Ark is a large holding company. It bought lots of stock in a Texas bank. The bank started
having problems (Texas real estate market crash). The holding company sold stock and claimed
the loss as regular income. Ark argues that Corn Refining stands for the premise that assets
acquired and sold for ordinary business rather than investment purposes should be given ordinary
asset treatment (i.e., capital gains/losses). Thus, because this stock purchase is obviously the
ordinary business activity of a holding company, it should be ordinary income. The court
disagrees. It says Corn Refining did not create a new exception to the otherwise default rule
classifying property as capital property. Rather, by classifying what Corn Refining did as
hedging, they put it in the inventory exception. Hedging in this case kept the Corn from having
to build warehouses to hold corn inventories, thus an inventory measure. As such, what Ark did
was not within this inventory exception and is a capital gain. This case really re-writes Corn
Products and makes it an inventory exception.

§1221 (7): Subsequent regulation have permitted regular gain and loss provisions for hedging
transactions. However, the taxpayer must commit beforehand. He must keep records and
indicate whether hedging or not. Thus, he can‟t abuse by characterizing as hedging just when it
would benefit him.
 But, if they don‟t identify as a hedge and it‟s a gain then they take delivery and then they
    only pay capital gain. If it‟s a loss, they just take delivery and the loss will be ordinary
    income loss.

Merchants National Bank v. Commissioner (1952) 5th Cir.
Bank had bonds worth about $50 K. They determined they were un-collectible and wrote them
off and deducted as ordinary income. Subsequently, they sold the bonds for about $18K. They
recorded this as a capital gain. No, no, no, no, no! Consistency.

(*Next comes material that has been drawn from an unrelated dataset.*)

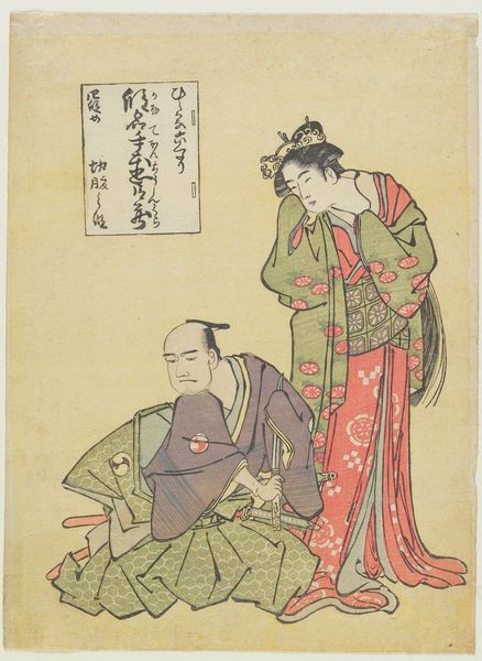 Curator: Well, it's quite intriguing how Shunkō managed to portray three distinct roles within a single woodblock print. This piece, titled "The Fourth Iwai Hanshiro in three roles of the shosa 'Shichi Henge'," created around 1787, gives us insight into the celebrity culture surrounding Kabuki actors of that time. Editor: Immediately, I'm struck by the artist's masterful use of line. Look at how simple, almost minimalist, the strokes are, yet they define the shapes and convey emotion so effectively. Curator: Absolutely. Woodblock prints like this weren't just art; they were also popular media, effectively capturing and distributing images of the leading performers of the day to a broad audience. Shunkō's work participated in this public fascination. Editor: And consider the composition! The three figures, layered, yet each visually distinct. The patterns in the kimonos – so detailed, a vibrant interplay of geometry and floral motifs – it prevents any flattening of the overall picture plane. Curator: Indeed. This print immortalized Iwai Hanshirō, celebrating the actor’s skill in 'Shichi Henge,' where a single performer embodies multiple roles in quick succession. This was entertainment but it also reflected societal fascination with transformation and skill. Editor: The coloring seems very restrained though, wouldn't you say? Predominantly pastel, giving a somewhat dreamlike and subdued quality. And it creates a gentle tonal harmony within the angular composition. Curator: Restrained maybe to our modern eye, but consider the context. These prints were often mass-produced. The colour choices were strategic, balancing artistic intent with practicality. They had to be economical with colour, relying more on precision. Editor: Still, it feels deeply aesthetic. Even the negative space enhances the forms. There is such refinement in how Shunkō created three characters on one plane. Curator: Reflecting upon Shunkō's work, it is exciting to realize this isn’t just a static image, it's a piece of social commentary, offering a snapshot of entertainment culture and societal values from centuries ago. Editor: Yes. And for me, thinking about its enduring visual allure makes me think this: regardless of the cultural context, we’re responding to a masterclass in pictorial structure.

Arrowsmith v. Commissioner (1952) S. Ct.
Two taxpayers liquidate a corp they owned jointly. They show the gains for the sale as capital
gains. However, they are subsequently assigned liability as proxy for the corp. They claim as an
ordinary gain. The Service and the Court deny this. They need to treat these transactions

If the corp had paid the liability during its life it would have been a deduction to ordinary
income. Then the amount for distribution would simply have been reduced. Thus, the same
result would have been reached by allowing the taxpayers to deduct as ordinary income. Also,
this rationale used by majority my actually reduce money collected in taxes. If it was different
and corp had extra uncollected income, it would be treated subsequent to liquidation as capital

XXII. Substitutes for Ordinary Income

See Hort case again.

Commissioner v. Ferrer (1962) 2d Cir.
An actor contracts with a writer to manage and produce his play. The contracts includes terms
whereby the actor will have power to prevent the writer from contracting with a motion picture
company for a period of time. Furthermore, the actor will have a right to the proceeds of such a
deal. A motion picture company contracts actor to be in the film. They also negotiate with both
the actor and the writer to get rights to the film. Thus, the question is whether the compensation
received by the actor is capital gain or regular compensation (ordinary income). Court divides
the compensation into three parts. Part is the right to the play. This is a capital asset (however, it
would be different if he was the creator of the copyrighted material). Next, is the payment for
his right of refusal (the ability o prevent the contract between the writer and the motion picture
company). The analogizes this to the right of a tenant to prevent his landlord from allowing a
similar business to occupy an adjacent space. This has been treated as a capital asset and so the
court does likewise with this right. Last the portion is the percentage of proceeds the actor
received from the motion picture company in exchange for the proceeds he would have received
for producing the play. Because this would have been ordinary income, if he‟d produced the
play, it will consistently be characterized as ordinary income. The court remands to lower court
to sort out how much each of the above categories represents.

Note: a percentage of profits can be treated as a sale for a capital gain. Thus, sale of licenses or
copyrights can be similarly treated.